Justice Douglas delivered the decision of the Court. In it, he wrote that the Court was putting aside "the problems presented by the Davis case and its offspring" because there was one aspect of the case that undercut all others, requiring the Court to reverse the judgment and rule in favor of Fowler. Douglas wrote that the concession by the State of Rhode Island that the meeting in question was a religious one and the further concession that the ordinance did not prohibit church services in the park plainly showed that a religious service of Jehovah's Witnesses was treated differently than a religious service of other sects. In the opinion of the Court, that amounted to the state preferring some religious groups over the Jehovah's Witnesses.

Justice Douglas cited the precedent of Niemotko v. Maryland in which there was similarly "a public park, open to all religious groups, was denied Jehovah's Witnesses because of the dislike which the local officials had of these people and their views." In that case, the Court had held the prosecution of Niemotko to be a discrimination that was prohibited by the First and Fourteenth Amendments.

Douglas wrote

it is no business of courts to say that what is a religious practice or activity for one group is not religion under the protection of the First Amendment.
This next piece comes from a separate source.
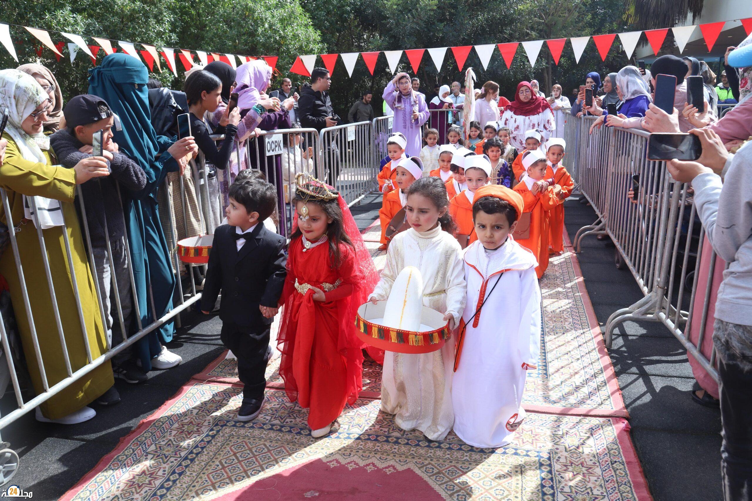 وقد اختير للمهرجان شعار “من كل جهة حكاية.. والمغرب يجمعنا”، في رسالة رمزية تؤكد على أهمية ترسيخ قيم الوحدة الوطنية في ظل التنوع الثقافي الذي يميز مختلف جهات المملكة. وشهدت فقرات هذا الموعد التربوي، الذي انطلق في الثالثة بعد الزوال، تقديم عروض فنية متنوعة عكست تمثيلًا لعدد من المدن والمناطق المغربية، حيث تألق الأطفال بأزياء تقليدية مستوحاة من التراث المحلي، وقدموا لوحات حركية استحضرت العادات والتقاليد المغربية الأصيلة.

Nor is it in the competence of courts under our constitutional scheme to approve, disapprove, classify, regulate, or in any manner control sermons delivered at religious meetings. Sermons are as much a part of a religious service as prayers. They cover a wide range and have as great a diversity as the Bible or other Holy Book from which they commonly take their texts. To call the words which one minister speaks to his congregation a sermon, immune from regulation, and the words of another minister an address, subject to regulation, is merely an indirect way of preferring one religion over another. That would be precisely the effect here if we affirmed this conviction in the face of the concession made during oral argument.